Being able to produce high quality synthetic data can provide the medical imaging community a promising alternative to improve ones ability to carry out the appropriate research on larger scales \cite{Jordan2020,Jordan2022,Wang2021}. The use of generative models have shown a promising solution for this, by learning the probability density function of the underlying training data, which they can then use to create new realistic examples.

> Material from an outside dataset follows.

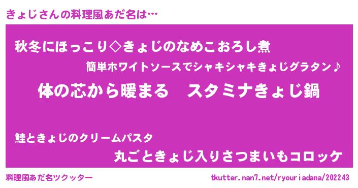 | 意味不明あだ名 | 『きょじフォーエバー』『自称きょじ』 |

Variational Autoencoders (VAEs) \cite{Baur2020} are a simple baseline for generative modelling in imaging, however they have been shown to produce blurry samples with a number of better alternatives. Until recently, Generative Adversarial Networks (GANs) have been at the forefront of generative modelling research \cite{Creswell2017,Kwon2019,Wang2020}. However an added difficulty within medical imaging, especially with 3D images, is the computational requirements. Further limitations of such networks are commonly documented drawbacks, namely unstable training, mode collapse and failure to converge \cite{Kodali2017}. In addition they are hard to guide via conditioning.

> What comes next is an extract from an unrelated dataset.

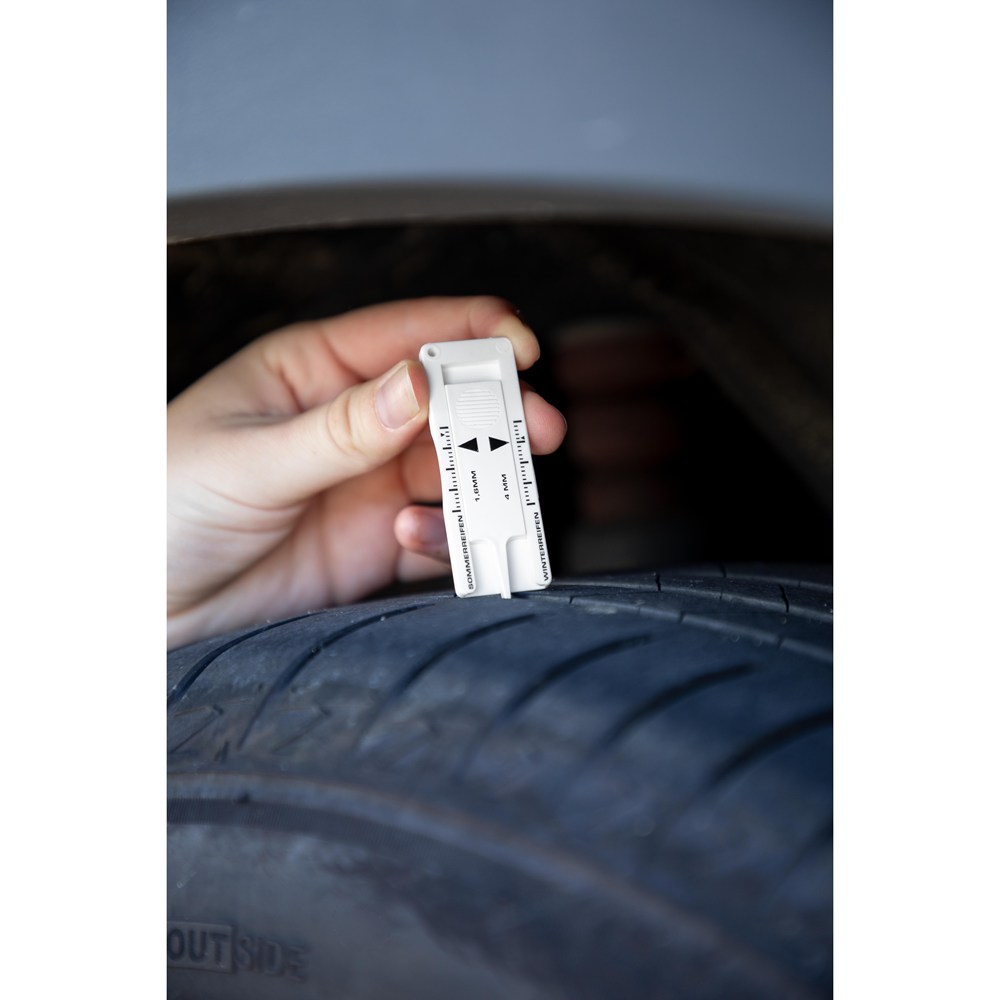 Immer griffbereit. Reifenprofilmesser mit Öse zum Befestigen am Schlüsselbund. Ohne Schlüsselring. mehr

Recently diffusion models have shown great promise and development showing state-of-the-art results for generating synthetic images, surpassing GANs in sample quality and diversity \cite{Dhariwal2021}. They have also been shown to effectively create images based on various conditionings i.e. class-based, image and text-based (using techniques like classifier-free guidance \cite{Ho2022}). Notable real-life examples include Latent Diffusion Models (LDMs) \cite{Rombach2021} and DALL-E \cite{Ramesh2021}. Latent diffusion models specifically have shown promise in medical imaging as they make use of an Autoencoder model to compress data, and then a diffusion model to work on the compressed latent space. The work in \cite{Pinaya2022} and \cite{Graham2023} showcases the use of LDMs in medical imaging for generative modelling and out-of-distribution detection respectively displaying state-of-the-art results. 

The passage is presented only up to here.